Ею овладевает нестерпимое желание убежать. Туда, в весну! Зарыться в ветки ивы так, чтобы тебя обсыпало желтой пыльцой.

Все равно я пропала…


Несмышленыш весь дрожит от возбуждения.

Расскажи о прутьях! — молит он про себя, ни на секунду не спуская глаз с учительницы. О прутьях! — без конца повторяет он про себя, взволнованный тем, как учительница смотрит на иву.

Она смотрит на ветки ивы. А ведь они как бы принадлежат ему, Несмышленышу, потому что у него в ушах поет флейта. И на языке вкус сока. А в руке прутья, которые срезают с ивы и уносят домой. И все это причудливо переплетается с водой, в которую хитро подсунуты прутья и которую пьют белые овцы, отчего потом приносят черных ягнят, и палящим солнцем, и доброй тенью, и хитрым Иаковом, срезающим все новые и новые прутья, и белоснежными овцами, бегущими к водопойным корытам с плавающими в них прутьями и пьющими из них воду, — и все ягнята рождаются черными или пятнистыми и потому достаются Иакову…

Расскажи! — умоляет он, словно речь идет о жизни и смерти. А потом я расскажу то, что мне было задано. Ну рассказывай же!

Несмышленыш не замечает беспокойства, охватившего класс. Не видит он и комиссии. Он видит только испуганную учительницу, опирающуюся о подоконник с таким странным выражением лица.

Иди сюда, — мысленно зовет он ее. — Иди.

И она услышала!

Значит, ему дана власть!

Она отрывается от окна, от ивы и идет словно во сне!

Несмышленыш наблюдает за ней, продолжая повторять про себя: «Иди! Иди!» Краска сбежала с ее лица, она бледна, на лбу выступила испарина. Рядом с ним на скамейке есть свободное место — она садится. Поворачивается к нему.

Он весь — нетерпение и готовность. Она смотрит на него. Он видит капельки пота у нее на лбу. Выразить его чувства невозможно.

— Прутья! — выдыхает он рядом. В ее сторону. Как толчок. Как заклинание.

И это действует. Учительница вздрагивает, его слово действительно толкнуло ее, в следующее мгновение она уже что-то чувствует и понимает. И тут те опять встает. Глаза ребят с удивлением следят за ней — она стала прежней. Идет между партами свободной, раскованной походкой. Она снова владеет собой.


Ее охватило счастье. Страх отступил.

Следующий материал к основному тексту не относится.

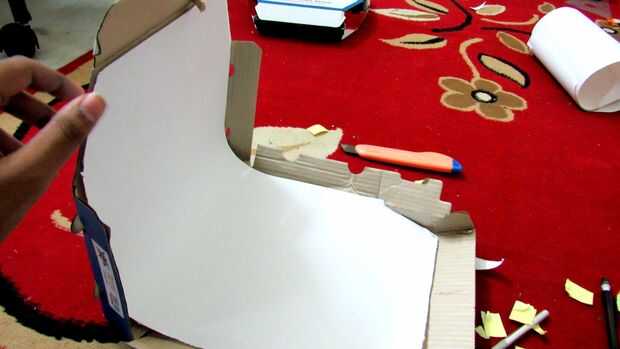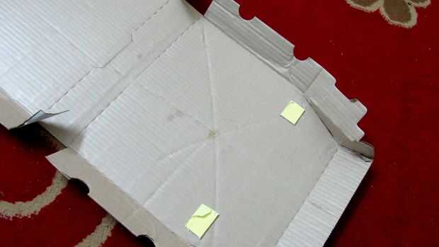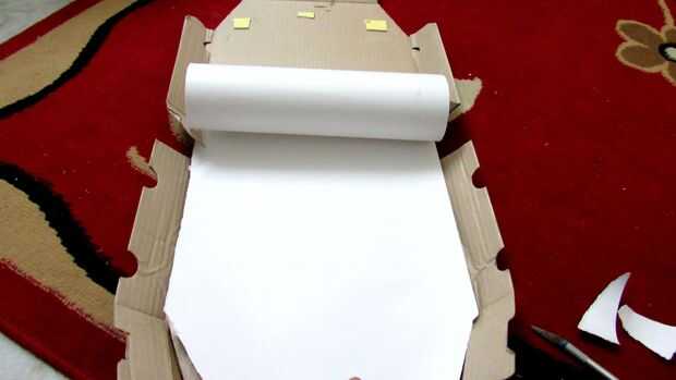 Después se une el papel de carta, corte los bordes para que eso si la caja de la pizza es como mina no cuadrado perfecto.

Все в порядке, все, что казалось ей безвозвратно потерянным, вернулось. Ее ученики и она сама, все как прежде. А эта комиссия, эти чужие, пусть себе сидят. Как-то само собой она достигла наконец своей цели: от налившейся соком ивы, там, за окном, и ребятишек, срезающих прутья, она перенеслась к тому, о чем рассказывала зимой. После двух-трех вопросов, на которые ей отвечают оживившиеся ученики, у нее появляется, как ей кажется, повод дать им возможность послушать ее рассказ. Она ни у кого не спрашивает разрешения. Между ней и учениками все как было зимой. Давящий страх исчез, она вновь разделяет общее нетерпение и возбуждение и больше не думает о провале.

В середине ее рассказа слышится покашливание. Она не обращает па него внимания.

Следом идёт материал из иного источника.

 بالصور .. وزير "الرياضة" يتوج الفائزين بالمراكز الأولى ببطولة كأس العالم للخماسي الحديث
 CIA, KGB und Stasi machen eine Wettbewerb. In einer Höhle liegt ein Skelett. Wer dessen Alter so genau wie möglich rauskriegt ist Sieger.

Повернулась лицом к Несмышленышу и рассказывает ему одному. Опять раздается покашливание, но она не обращает внимания. Рассказывает подробнее, чем обычно, рассказывает, обращаясь к Несмышленышу. И кашель смолкает. Становится совсем тихо — все внимательно слушают. Школьная комиссия отодвинулась куда-то далеко, ее присутствие не имеет теперь никакого значения. Учительница стоит, повернувшись лицом к Несмышленышу, освободившему ее от злых чар.

И видит, что он весь пылает от ее слов.

Рассказ окончен. Но она чувствует, что победила. Одолела все-таки это покашливание. Она задает вопросы самым старшим ученикам. Они отвечают четко и быстро. Она продолжает спрашивать. Они отвечают. Она видит, как председатель комиссии кивает своему помощнику. И ей уже кажется, что в своем страхе она была к ним несправедлива.

Она может работать в школе.

Я могу…

Затаив счастье, она поворачивается к своему спасителю. Теперь и оп может показать свои знания. Теперь ей уже не нужно держать про запас его щебет.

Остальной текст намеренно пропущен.